DATA UNDER STUDY Start Marker
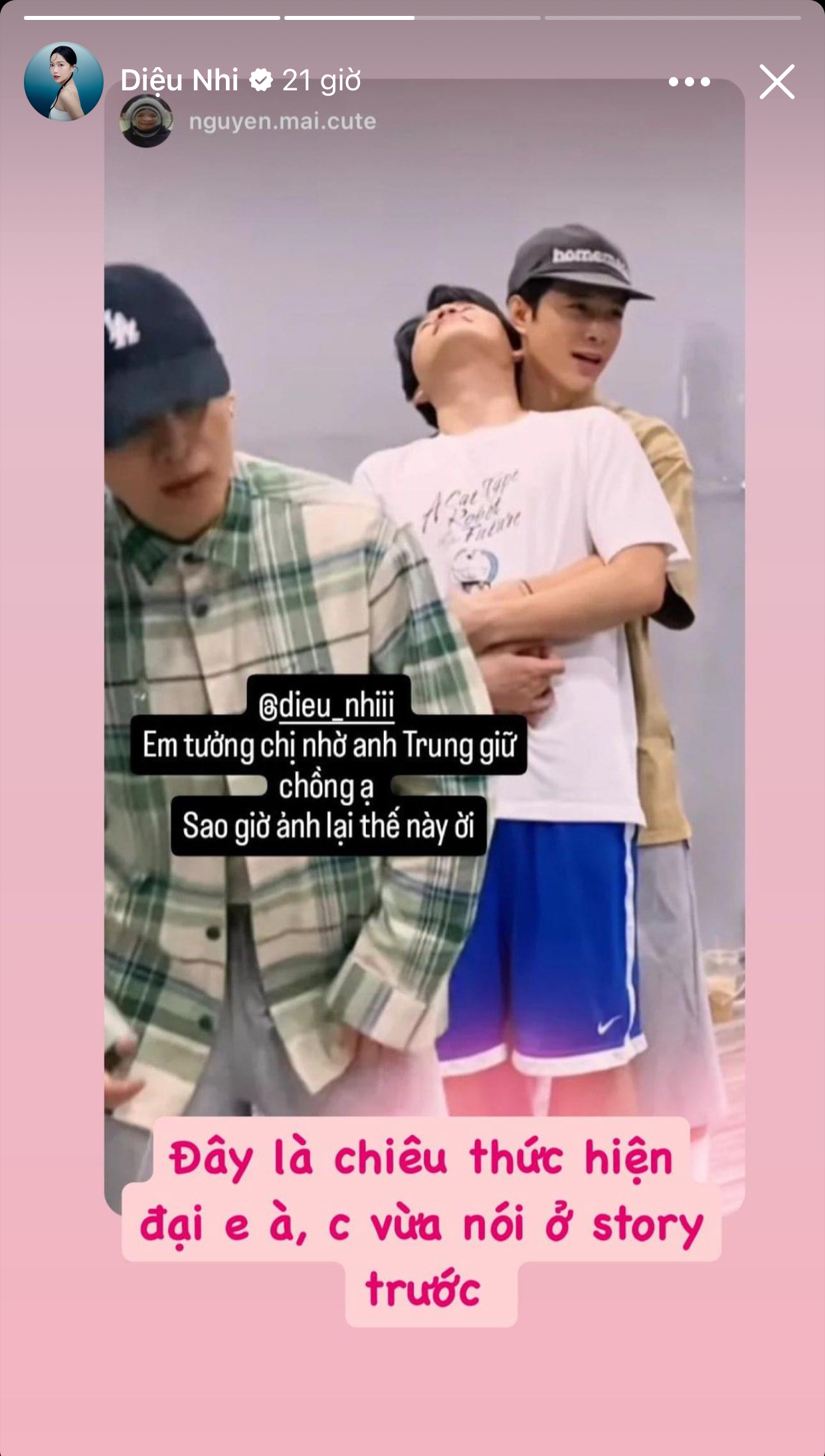 Trên trang cá nhân, Diệu Nhi chia sẻ lại những hình ảnh thân thiết giữa Quang Trung và Anh Tú. Đính kèm là loạt status "nhắc nhở nhẹ" Quang Trung như: "Có phải đây là chiêu điệu hổ ly sơn không em? Lấy thân mình ra cam chịu, đánh lạc hướng để người khác thấy em là né không dám đến gần chồng chị nữa. Chị cảm ơn bé 3 rất nhiều, đúng là khổ nhục kế, quá thông minh".
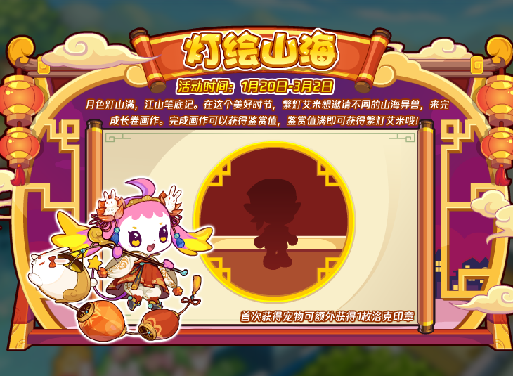 月色灯山满,江山笔底记。在这个美好时节,繁灯艾米想邀请不同的山海异兽,来完成长卷画作。完成画作可以获得鉴赏值,鉴赏值满即可获得繁灯艾米哦!
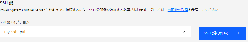 ・先ほど追加したSSH鍵「my_ssh_pub」が「SSH鍵(オプション)」リストに追加されたので選択し「SSH鍵の作成」をクリックします。
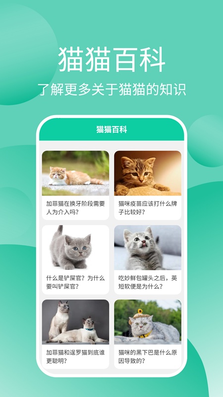 【猫猫百科】帮助用户学习分清各类猫猫的长相,了解相关猫咪知识,使用户正确认识喵星人,明白宠物生活需求。
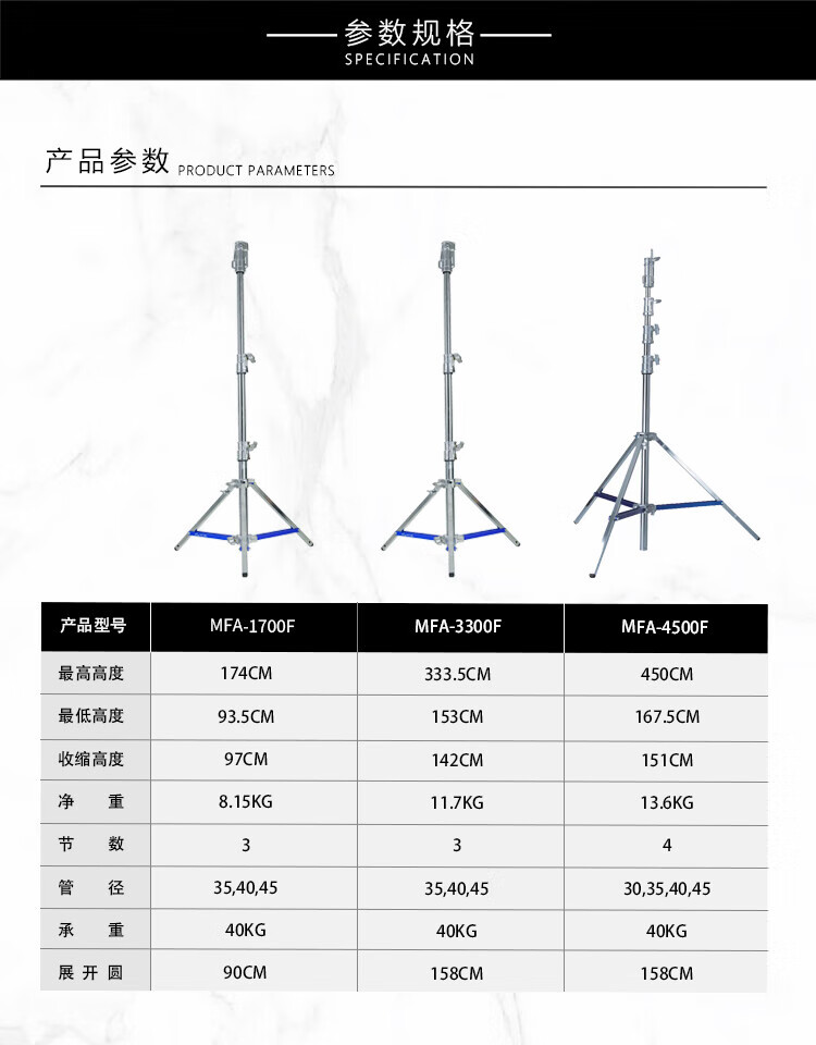 Meking/Aitus mfa-1700f steel photography light stand heavy-duty small steel legs film and television thickened stainless steel large load-bearing tripod suitable for LS 600x pro MFA-3300F 3.3 meters heavy-duty small steel legs
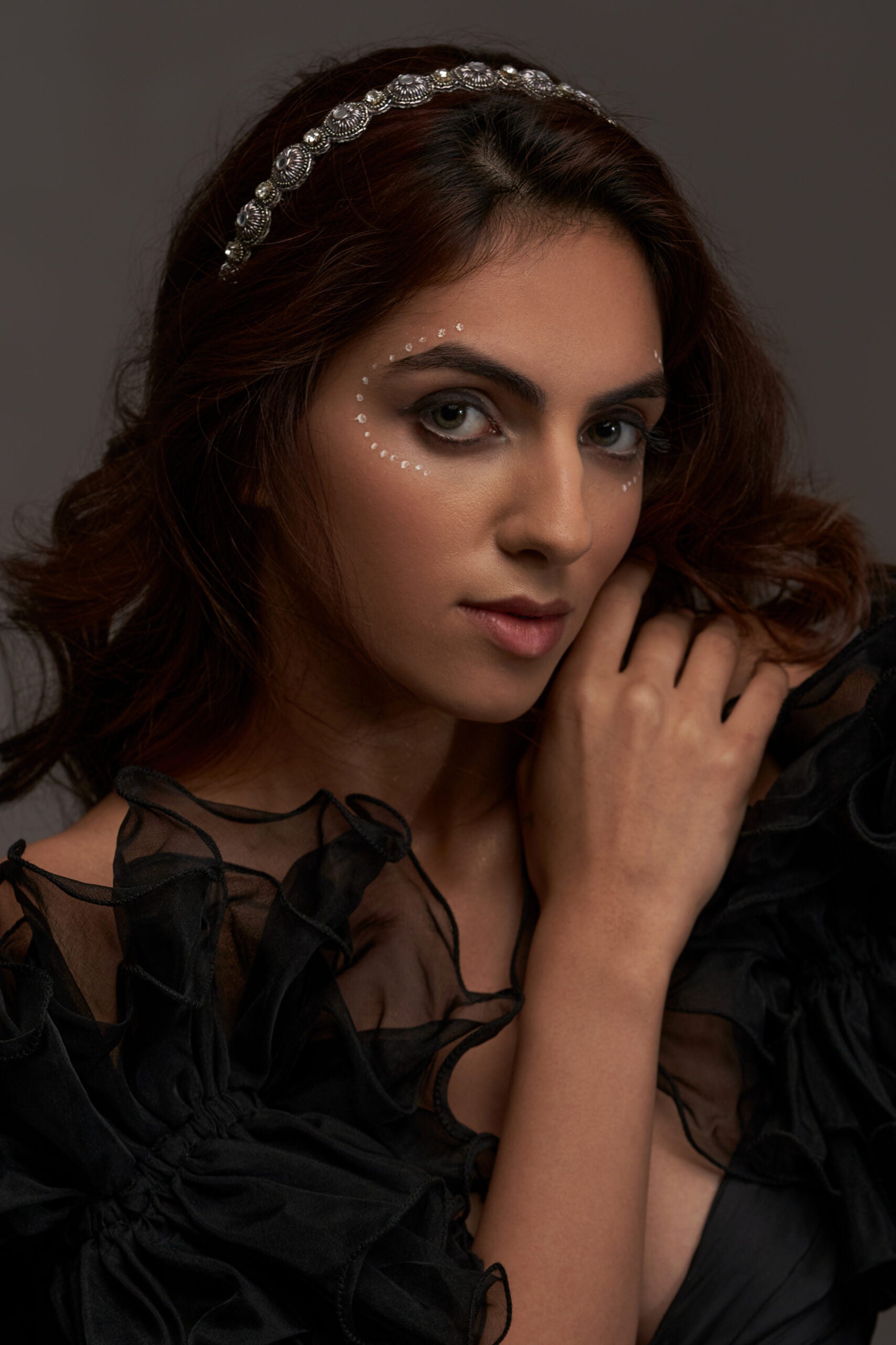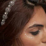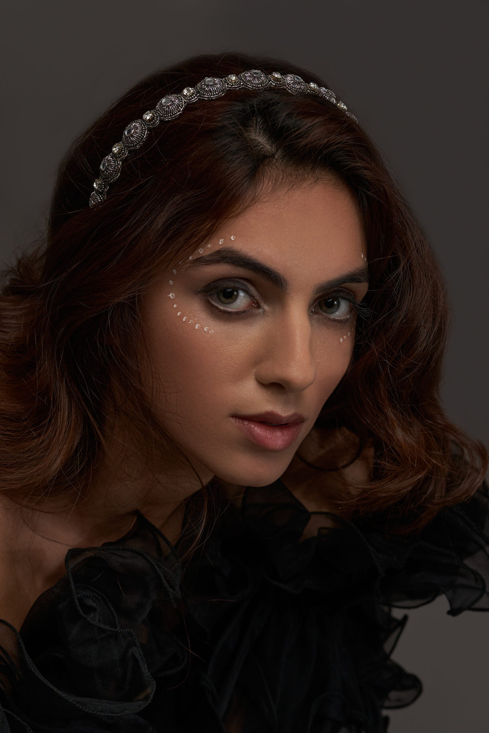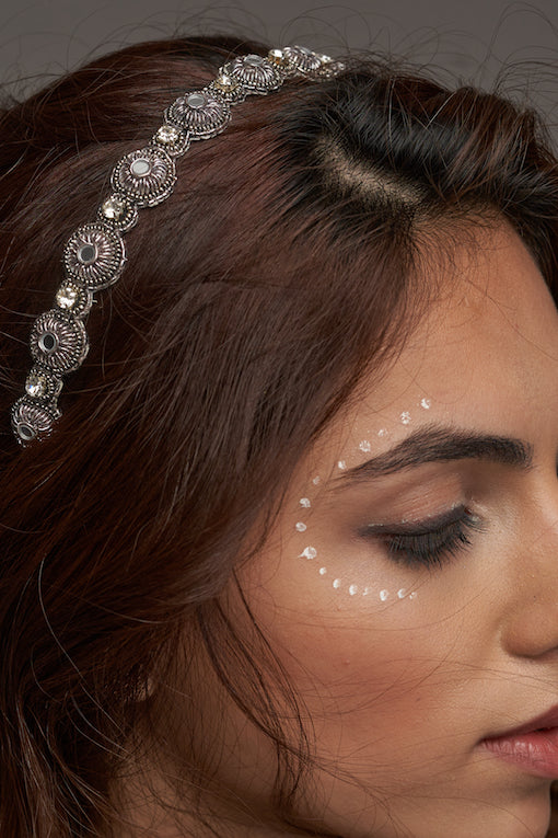 Silver mirror headband is handcrafted mirror embellished headband , which is mettalic base, everyplace in the collection gives the bohemian essence with use of mirrors and silver Mettalic wires .
DATA UNDER STUDY End Marker
▸ DIRECTIONS FOR THIS TASK
Once the line containing "月色灯山满,江山笔底记。在这" has been found, write out exactly that line and each one after it through the end of the data, leaving out every picture.

▸ RESULT OF THE TASK
 月色灯山满,江山笔底记。在这个美好时节,繁灯艾米想邀请不同的山海异兽,来完成长卷画作。完成画作可以获得鉴赏值,鉴赏值满即可获得繁灯艾米哦!
 ・先ほど追加したSSH鍵「my_ssh_pub」が「SSH鍵(オプション)」リストに追加されたので選択し「SSH鍵の作成」をクリックします。
 【猫猫百科】帮助用户学习分清各类猫猫的长相,了解相关猫咪知识,使用户正确认识喵星人,明白宠物生活需求。
 Meking/Aitus mfa-1700f steel photography light stand heavy-duty small steel legs film and television thickened stainless steel large load-bearing tripod suitable for LS 600x pro MFA-3300F 3.3 meters heavy-duty small steel legs
 Silver mirror headband is handcrafted mirror embellished headband , which is mettalic base, everyplace in the collection gives the bohemian essence with use of mirrors and silver Mettalic wires .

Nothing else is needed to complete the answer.